The error has two parts--one is from sampling, and the other is from everything else--for example, supporters of the different candidates might differ in their willingness to respond, or the formulas for calculating turnout might be be wrong in ways that favored one party over the other. The size of sampling error can be calculated from statistical theory--the other part can't, and has to be estimated from experience.
The combined sample for the RCP average is so large that sampling error is trivial, on the order of 0.1%. The samples for the individual Gallup polls are smaller, so sampling error is a factor. However, it's not nearly big enough to account for the discrepancies. A rough calculation is that the non-sampling error has a standard deviation of about 5. Until 1948, the Gallup poll used quota samples.

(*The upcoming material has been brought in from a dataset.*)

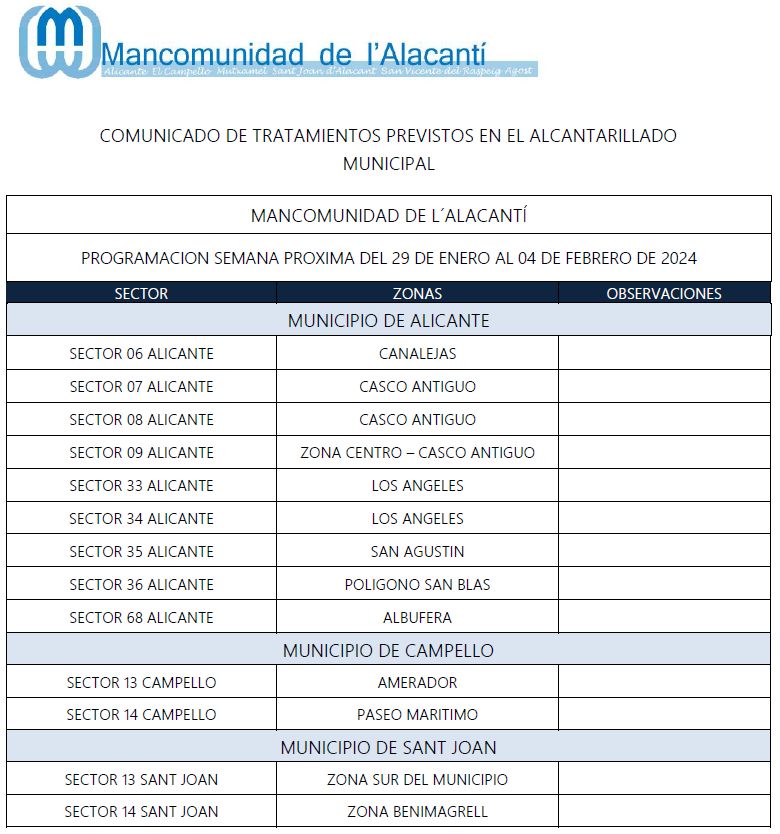 Calendario de tratamiento de plagas del 22 al 28 de enero de 2024

That period included two big errors--the notorious 1948 election, and the 1936 election, when the poll showed a Democratic lead of +12 (56%-44%), but the actual lead was +25 (62.5%-37.5%). If you confine it to the 1952-2012 period, the non-sampling error has a standard deviation of about 3--that is, candidate leading by three in the polls would lose about one time in six if the errors are normally distributed. Most of the prediction sites seemed to give Clinton about an 85% chance of winning, which was just about right according to this analysis. Someone just going by the polls would have been a little surprised by the outcome, but not shocked.
Ironically, the problem may have been that journalists (and other observers, including me) paid too much attention to other "information" beyond the polls. Similarly, in the Brexit referendum, the perception of the result as a shock wasn't based on the polls, which showed a close contest, but on a general reading of the public mood.